I’m not sure if this was a dare


Joe Beda stopped by my office, clutching a stack of documents he had just had notarized, and told me, “Raymond, you should become a notary public.”

“Why?”

“It’d be fun.”

“Notarizing documents is fun?”

“No, just being a notary public – just knowing that you had the power to notarize documents – would be fun. Besides, you’d be good at it, since you’re such a stickler for the rules. I wonder what the qualifications for being a notary public are, anyway.”

So I went and looked up the process of becoming a notary public in the State of Washington.
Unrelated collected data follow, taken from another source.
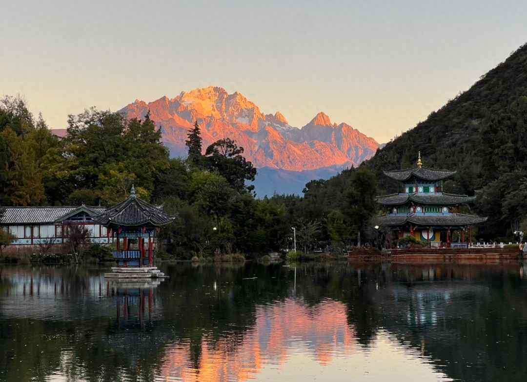 每年10月中旬到第二年3月,是看玉龙雪山“日照金山”最好的时候。早上7点左右,黑龙潭公园的锁翠桥前面就挤满了游客和本地人,大家都想抢拍这个精彩瞬间。慢慢升起的太阳把雪山染成金光闪闪的颜色,和公园里的老建筑、湖水搭配得恰到好处。从郑州来的游客付雷说:“专门为这个来的,拍出来的照片太美了。”湖南游客赵欢也兴奋地分享:“第一次亲眼看到‘日照金山’,感觉特别难忘。虽然早上冷得发抖,但阳光照在雪山上的那一刻,觉得一切都值了!”
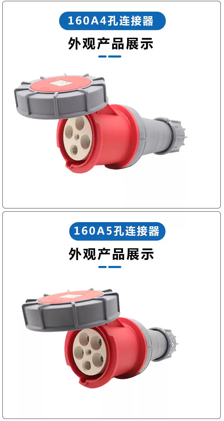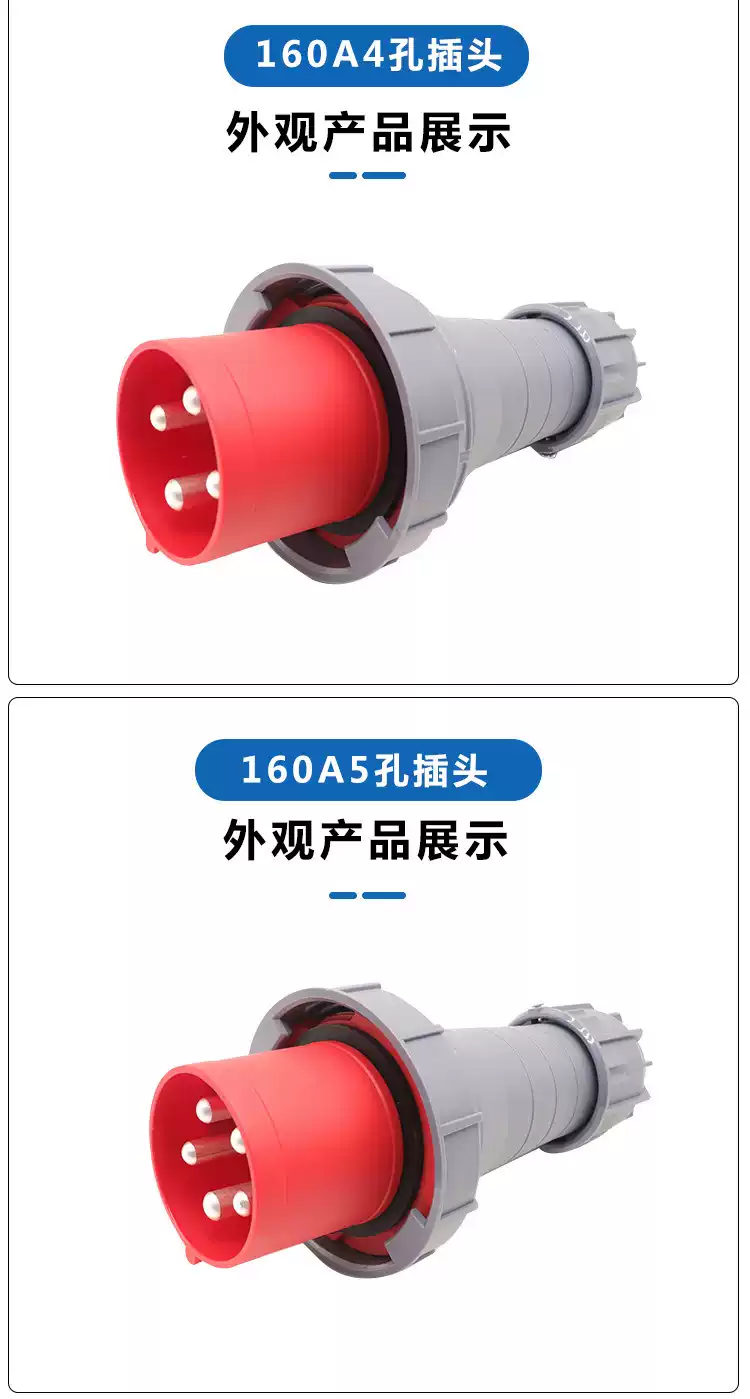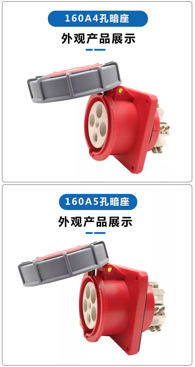 Special high-power 160A plug and socket for flood control pump distribution box 4-core 5-core IP67 industrial aviation plug 160A 4-hole concealed seat
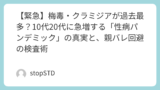 - 量が増えた・水っぽい:クラミジアの可能性。
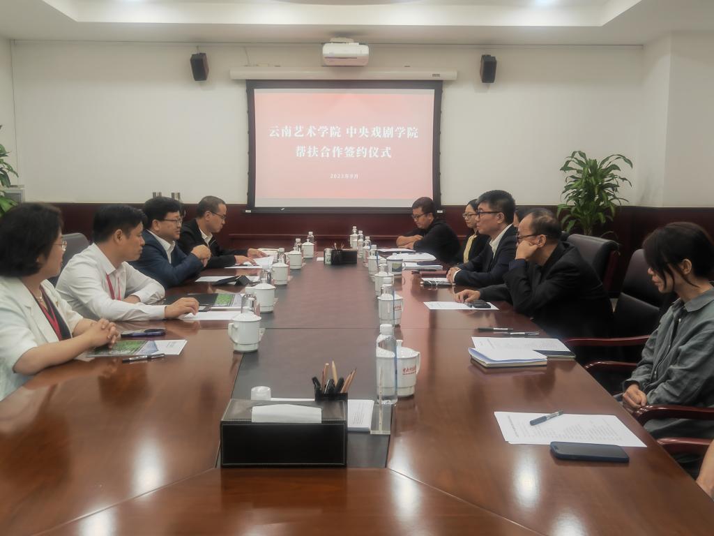 为深入贯彻落实习近平总书记考察云南重要讲话精神以及《教育部 云南省人民政府推进云南教育振兴战略合作协议》要求,主动融入和服务全省“3815”战略发展目标,积极推进落实云南省和学校教育高质量发展三年行动计划,进一步深化拓展教育部直属艺术院校与我院的帮扶合作。9月25日—27日,党委副书记、院长欧阳俊虎带队前往中央美术学院、中央戏剧学院、中国传媒大学,围绕人才培养、学科专业建设、创作展演、师资队伍建设等方面商谈帮扶合作及校际交流事宜,并与中央美术学院、中央戏剧学院签订了校际帮扶合作协议。

The requirements are deceptively simple: Ability to execute the duties of a notary public (and indeed, requirement to perform said duties upon demand), a $10,000 surety bond, a clean criminal record, and three character references who will affirm that I am “a person of good moral character”. That last one might be tricky.

Comments (6)
  1. w.h. says:

    I looked it up in my state at some point, because it does sound neat to have that ability. Easy, except that I’ve got plenty of other things to put $10,000 towards. ;)

  2. Jeffrey E. says:

    It’s much easier in Tx… when I got my notary certificate 2 years ago, all I needed to do was pay $75 to the state and send in a form that was notarized by someone else where I swore that I was not a criminal. No bond is required either… though, it is surely a good idea to have one backing you up. You don’t want to end up getting sued for doing something wrong! I’d say go for it… people give you a lot of respect when they find out you’re a notary.

  3. Joe says:

    $10,000? It’s much easier in NY. I looked it up recently, having had the epiphany that it would be fun to be a notary public – just knowing that I had the power to notarize documents would be cool. I like your friend.

    In any case, it’s easy in NY. You pass an exam, pay a $60 fee, and voila! For $60, it’s probably worth it, though I wouldn’t put down $10,000 for it.

  4. Kelli Zielinski says:

    I think there might be easier ways, too. When I worked at a credit union, I don’t think the notories needed the $10,000 bond – I think the credit union covered it. But that *would* explain why they regulated the number of them pretty closely.

    I wanted to be a notary, but :: sniff :: they would only let me be a lowly teller (well, they let me train employees and be the computer specialist, but no notary for me).